Part C: Planning the Global Experiment | Cell-Free Master Mix Design
1. Biophysical or Functional Properties of the Fluorescent Proteins
sfGFP
R/: sfGFP (Superfolder GFP) has exceptionally fast and robust folding kinetics, allowing maturation in under 10 minutes at 37°C. This makes it highly suitable for cell-free systems where reaction time is limited. However, like all GFP derivatives, it requires molecular oxygen for chromophore maturation.
mRFP1
R/: mRFP1 has incomplete chromophore maturation, meaning that a fraction of the synthesized protein never becomes fluorescent.
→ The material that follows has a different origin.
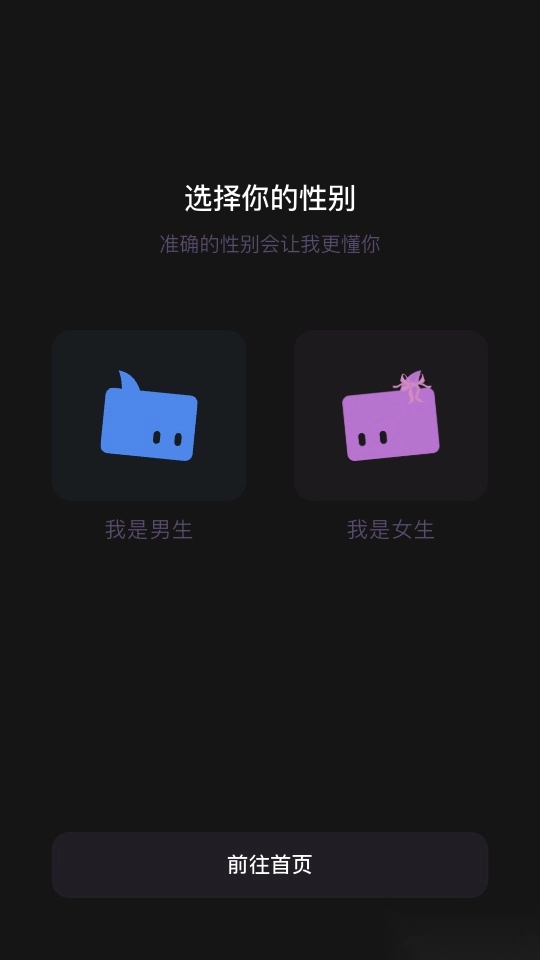 5、进入选择性别界面来选择自己的性别,点击“前往首页”按钮进行下一步操作。

It also has relatively low photostability and quantum yield, which can reduce fluorescence intensity in cell-free systems.
mKO2
R/: mKO2 is moderately sensitive to acidic conditions, meaning that slight decreases in pH during long incubations can reduce fluorescence output. Proper buffering is therefore important for maintaining signal stability.
mTurquoise2
R/: mTurquoise2 undergoes slow two-step chromophore maturation, making it one of the slowest-maturing cyan fluorescent proteins. In short cell-free reactions, fluorescence may underestimate the total amount of synthesized protein.
mScarlet-I
R/: mScarlet-I is known for robust folding and efficient maturation, even under oxidizing conditions. This makes it a reliable reporter protein in cell-free systems with varying redox environments.
Electra2
R/: Electra2 is a bright blue fluorescent protein with improved fluorescence compared to many other blue fluorescent proteins. However, like other β-barrel fluorescent proteins, it requires molecular oxygen for chromophore maturation, making oxygen availability important for long incubations.
2. Hypothesis for Improving Fluorescence Over a 36-Hour Incubation
R/: I hypothesize that increasing the concentrations of glucose and ribose in the cell-free master mix would improve the fluorescence output of mTurquoise2 during a 36-hour incubation.
Because mTurquoise2 undergoes slow two-step chromophore maturation, it requires extended reaction times to achieve maximum fluorescence. By increasing glucose and ribose concentrations, ATP regeneration could be sustained for longer periods, maintaining active translation and allowing a larger fraction of synthesized mTurquoise2 proteins to complete chromophore maturation. As a result, higher fluorescence intensity would be expected at later time points (18–36 hours) compared to the standard master mix composition.